> [Aim of the exercise] When the line containing "Each page turn" appears in the entries below, begin printing there and stop after the line containing "Aerogramma affrancato con"; print each of those lines exactly and no other line.

> [Material supplied]

*****

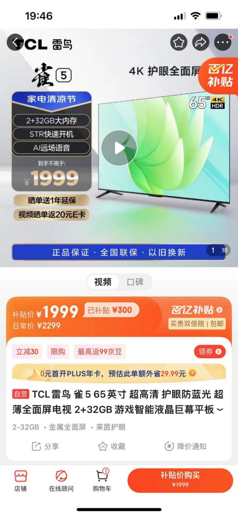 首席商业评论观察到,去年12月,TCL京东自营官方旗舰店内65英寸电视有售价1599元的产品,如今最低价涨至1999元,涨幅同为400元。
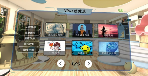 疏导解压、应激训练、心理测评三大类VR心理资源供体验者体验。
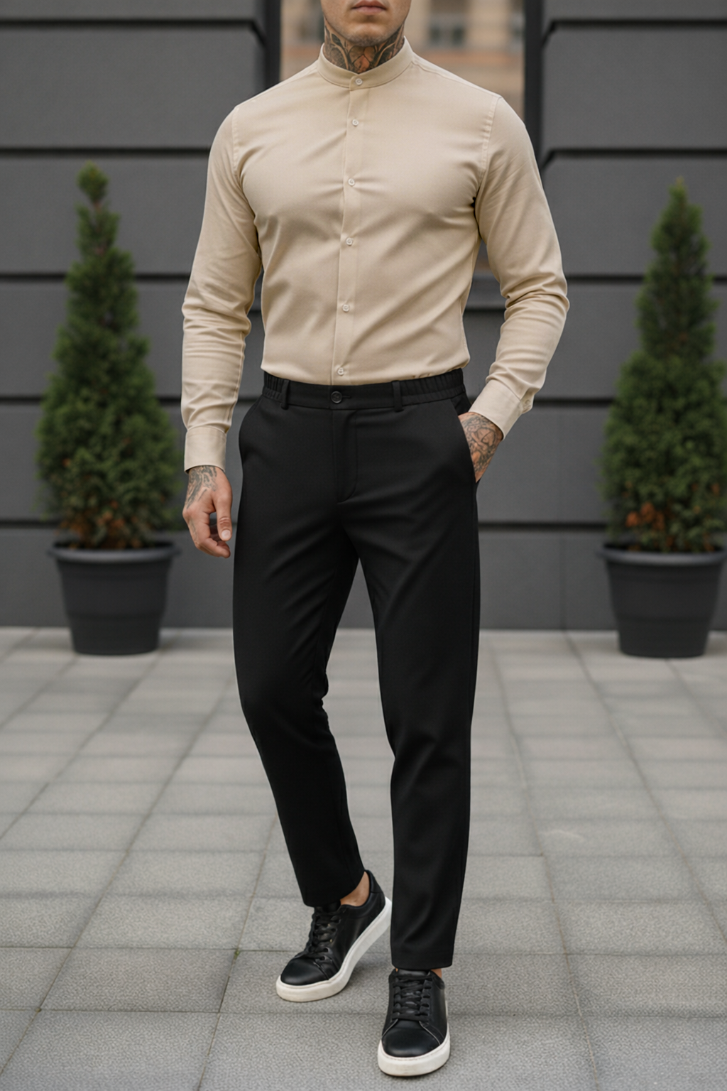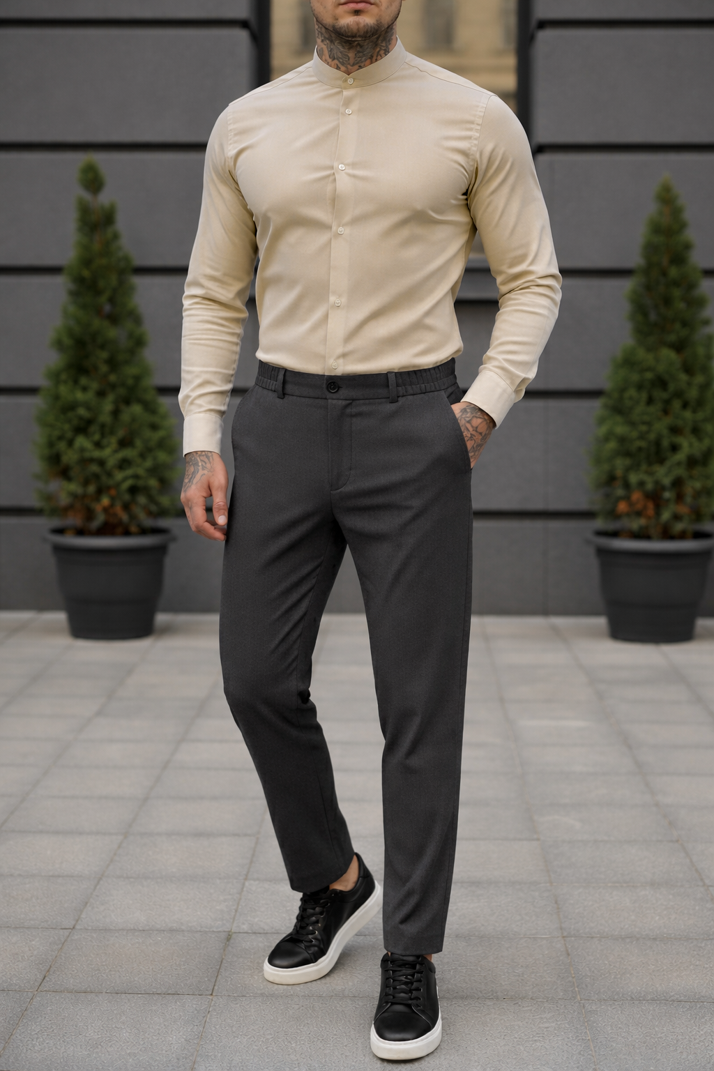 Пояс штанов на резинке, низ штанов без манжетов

*****

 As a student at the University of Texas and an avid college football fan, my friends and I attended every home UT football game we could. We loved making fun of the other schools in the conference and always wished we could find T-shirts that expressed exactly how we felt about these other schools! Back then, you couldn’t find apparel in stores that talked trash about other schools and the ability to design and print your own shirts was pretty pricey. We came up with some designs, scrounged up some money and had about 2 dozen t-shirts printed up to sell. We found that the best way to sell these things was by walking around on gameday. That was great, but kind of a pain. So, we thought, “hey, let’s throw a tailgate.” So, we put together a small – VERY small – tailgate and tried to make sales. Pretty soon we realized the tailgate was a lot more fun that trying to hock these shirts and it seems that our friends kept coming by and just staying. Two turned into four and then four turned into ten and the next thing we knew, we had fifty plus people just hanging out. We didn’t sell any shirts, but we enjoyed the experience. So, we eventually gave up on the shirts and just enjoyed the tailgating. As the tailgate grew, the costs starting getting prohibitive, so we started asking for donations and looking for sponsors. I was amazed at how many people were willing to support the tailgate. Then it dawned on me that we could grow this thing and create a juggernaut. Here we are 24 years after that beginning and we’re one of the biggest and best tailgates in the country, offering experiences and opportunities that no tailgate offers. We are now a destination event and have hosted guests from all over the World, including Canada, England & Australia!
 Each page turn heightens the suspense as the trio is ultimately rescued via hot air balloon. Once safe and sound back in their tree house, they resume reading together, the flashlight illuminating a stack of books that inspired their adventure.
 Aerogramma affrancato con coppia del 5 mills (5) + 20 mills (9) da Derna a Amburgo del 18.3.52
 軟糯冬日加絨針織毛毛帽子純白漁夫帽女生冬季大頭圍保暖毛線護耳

*****

> [Result]
 Each page turn heightens the suspense as the trio is ultimately rescued via hot air balloon. Once safe and sound back in their tree house, they resume reading together, the flashlight illuminating a stack of books that inspired their adventure.
 Aerogramma affrancato con coppia del 5 mills (5) + 20 mills (9) da Derna a Amburgo del 18.3.52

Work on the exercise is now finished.